• PROBLEM DESCRIPTION: Beginning at the line that contains "CELINE Vertical Cabas", reproduce the entries below exactly, ending with the line that contains "Remove the skillet". Omit each picture.

• PROVIDED RECORDS:
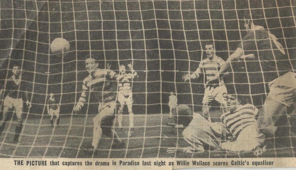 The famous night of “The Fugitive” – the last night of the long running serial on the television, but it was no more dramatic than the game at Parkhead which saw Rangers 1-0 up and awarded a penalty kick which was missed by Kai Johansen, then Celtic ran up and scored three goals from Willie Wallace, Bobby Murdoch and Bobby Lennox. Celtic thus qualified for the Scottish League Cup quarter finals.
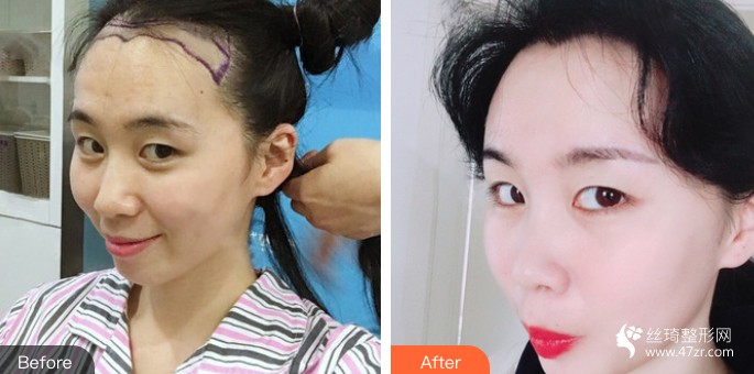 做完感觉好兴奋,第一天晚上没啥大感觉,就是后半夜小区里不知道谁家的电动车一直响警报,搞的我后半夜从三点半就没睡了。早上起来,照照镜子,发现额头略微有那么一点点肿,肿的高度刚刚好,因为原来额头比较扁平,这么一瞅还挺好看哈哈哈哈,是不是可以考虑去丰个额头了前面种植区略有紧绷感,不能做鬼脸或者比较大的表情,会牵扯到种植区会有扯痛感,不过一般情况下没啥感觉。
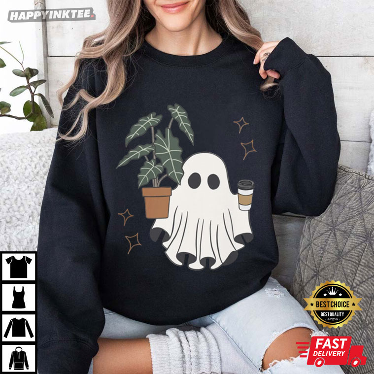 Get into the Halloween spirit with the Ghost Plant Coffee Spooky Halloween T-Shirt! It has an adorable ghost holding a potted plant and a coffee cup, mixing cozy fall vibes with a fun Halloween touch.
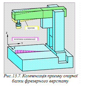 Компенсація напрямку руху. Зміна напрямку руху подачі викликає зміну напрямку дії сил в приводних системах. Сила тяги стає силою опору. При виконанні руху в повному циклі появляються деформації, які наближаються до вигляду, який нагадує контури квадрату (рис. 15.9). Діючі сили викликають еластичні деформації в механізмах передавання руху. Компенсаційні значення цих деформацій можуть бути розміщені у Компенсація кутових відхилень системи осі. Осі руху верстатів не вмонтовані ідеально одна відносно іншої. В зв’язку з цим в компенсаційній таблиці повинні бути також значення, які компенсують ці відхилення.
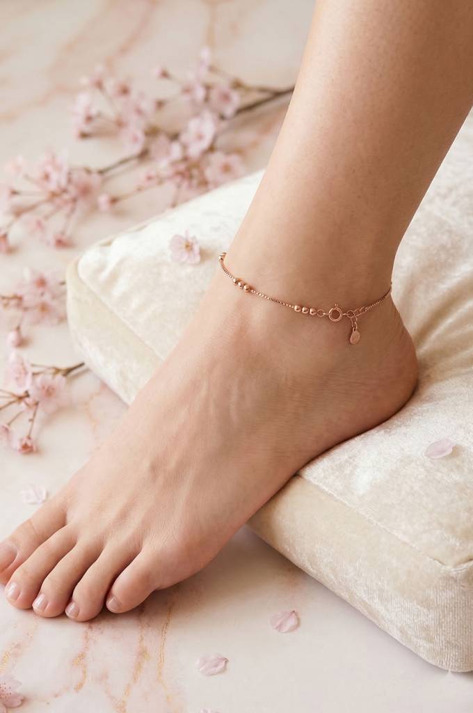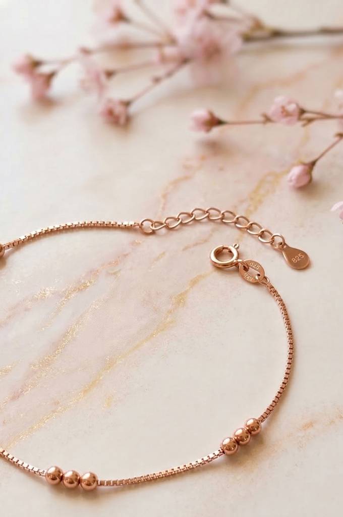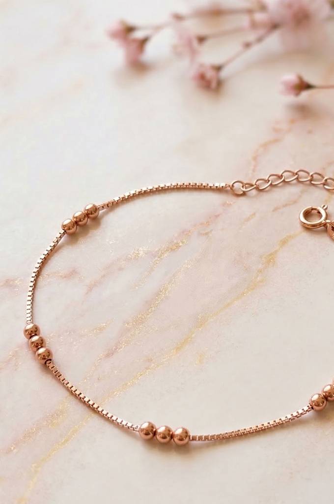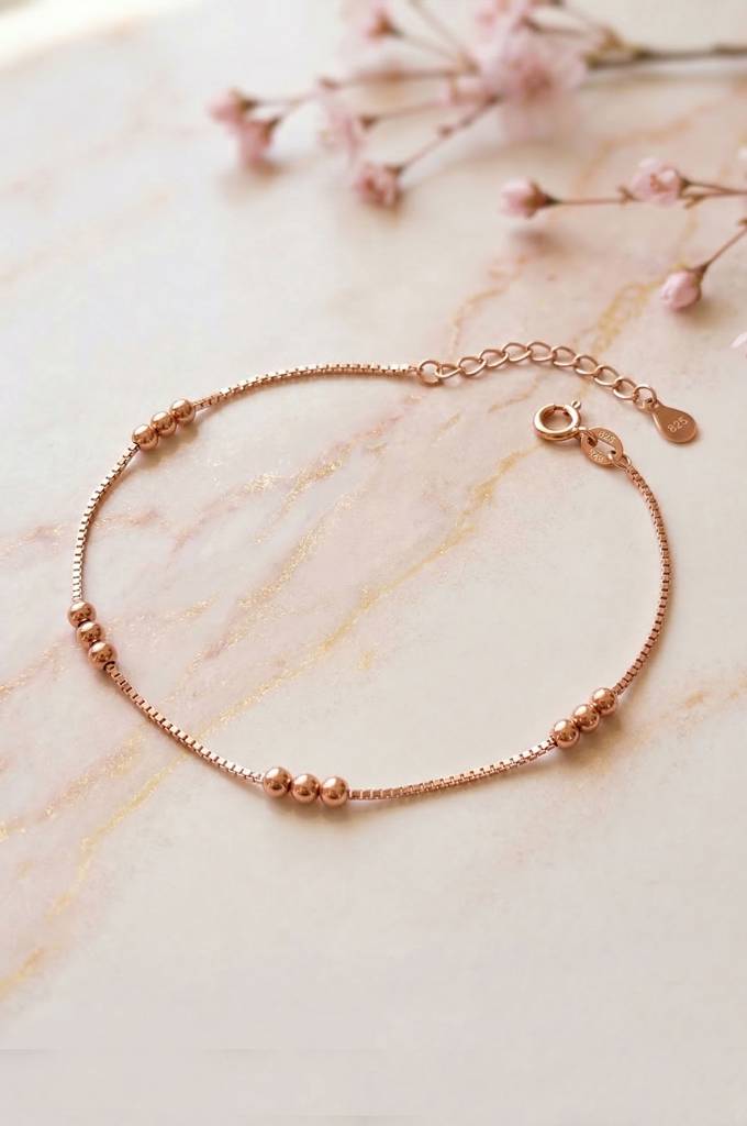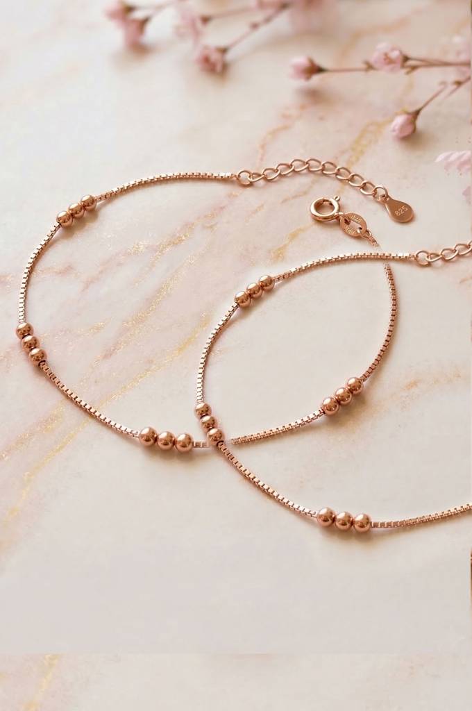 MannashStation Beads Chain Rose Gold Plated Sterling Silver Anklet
---
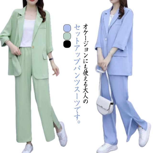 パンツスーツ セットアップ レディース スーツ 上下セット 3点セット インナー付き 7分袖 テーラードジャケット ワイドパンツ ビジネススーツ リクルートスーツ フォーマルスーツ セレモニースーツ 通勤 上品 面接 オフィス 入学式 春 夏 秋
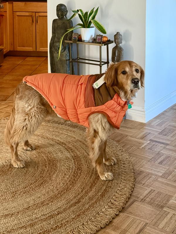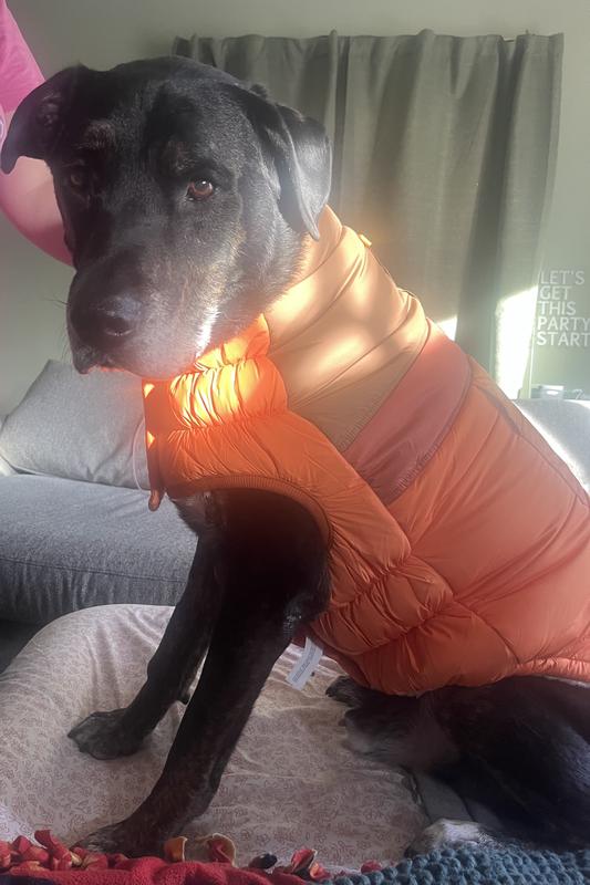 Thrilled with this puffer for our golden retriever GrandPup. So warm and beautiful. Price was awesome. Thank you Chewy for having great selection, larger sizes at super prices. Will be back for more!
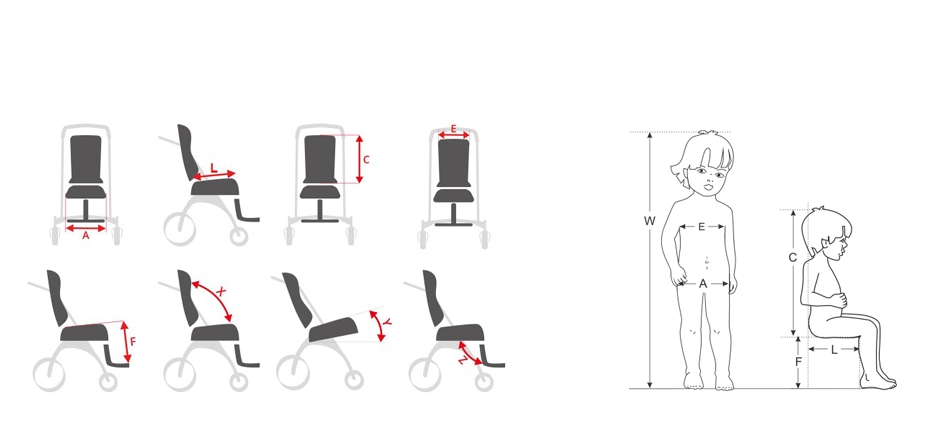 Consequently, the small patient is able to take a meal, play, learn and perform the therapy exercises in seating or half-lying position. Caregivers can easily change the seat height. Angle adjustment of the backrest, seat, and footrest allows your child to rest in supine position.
---
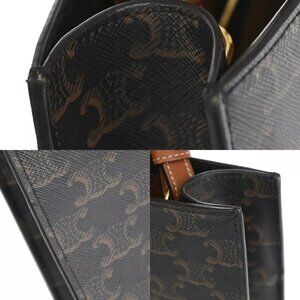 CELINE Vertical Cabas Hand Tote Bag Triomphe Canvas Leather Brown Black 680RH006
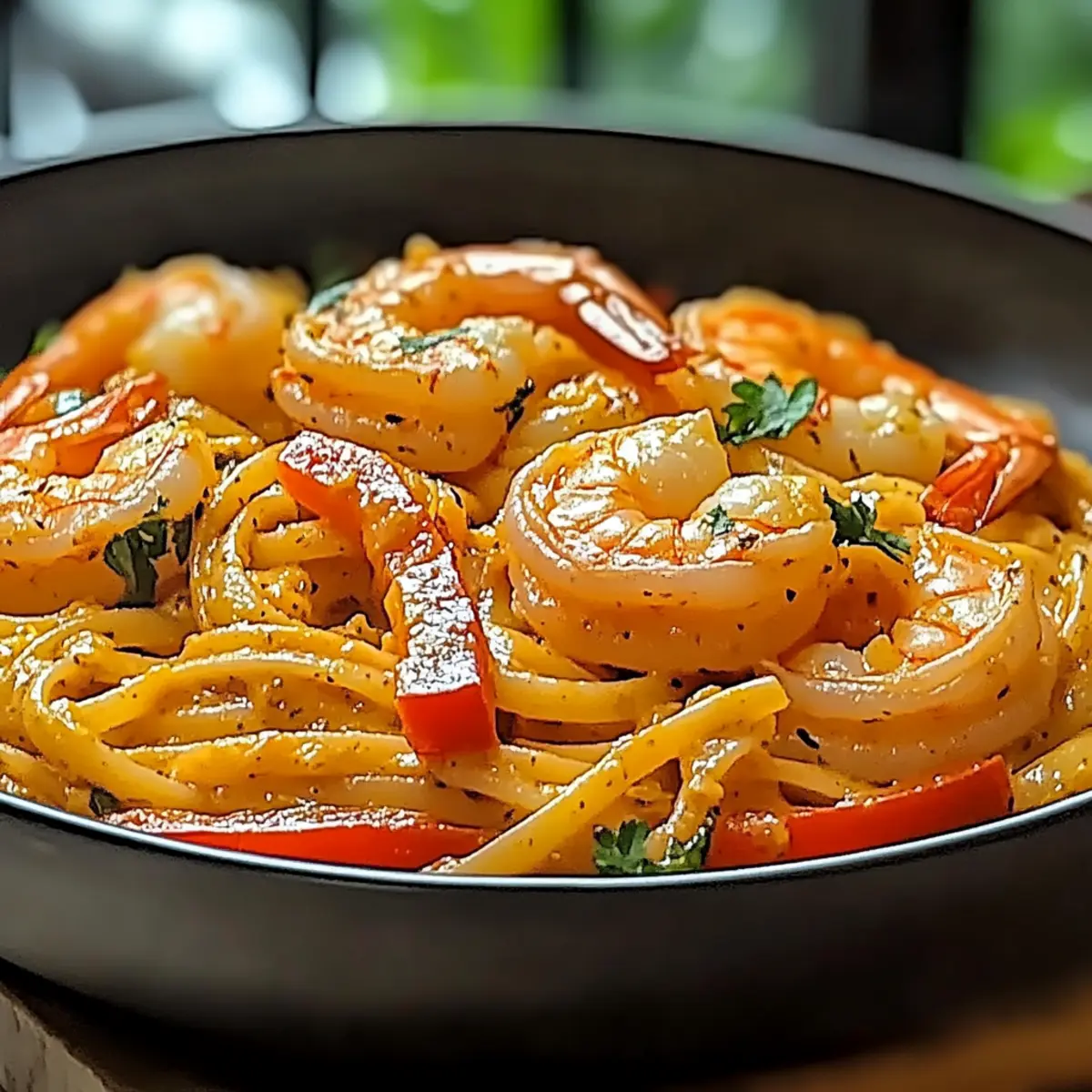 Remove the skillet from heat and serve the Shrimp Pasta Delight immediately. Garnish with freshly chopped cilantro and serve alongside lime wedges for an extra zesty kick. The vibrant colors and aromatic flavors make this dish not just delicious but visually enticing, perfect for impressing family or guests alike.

• ANSWER BOX:
 CELINE Vertical Cabas Hand Tote Bag Triomphe Canvas Leather Brown Black 680RH006
 Remove the skillet from heat and serve the Shrimp Pasta Delight immediately. Garnish with freshly chopped cilantro and serve alongside lime wedges for an extra zesty kick. The vibrant colors and aromatic flavors make this dish not just delicious but visually enticing, perfect for impressing family or guests alike.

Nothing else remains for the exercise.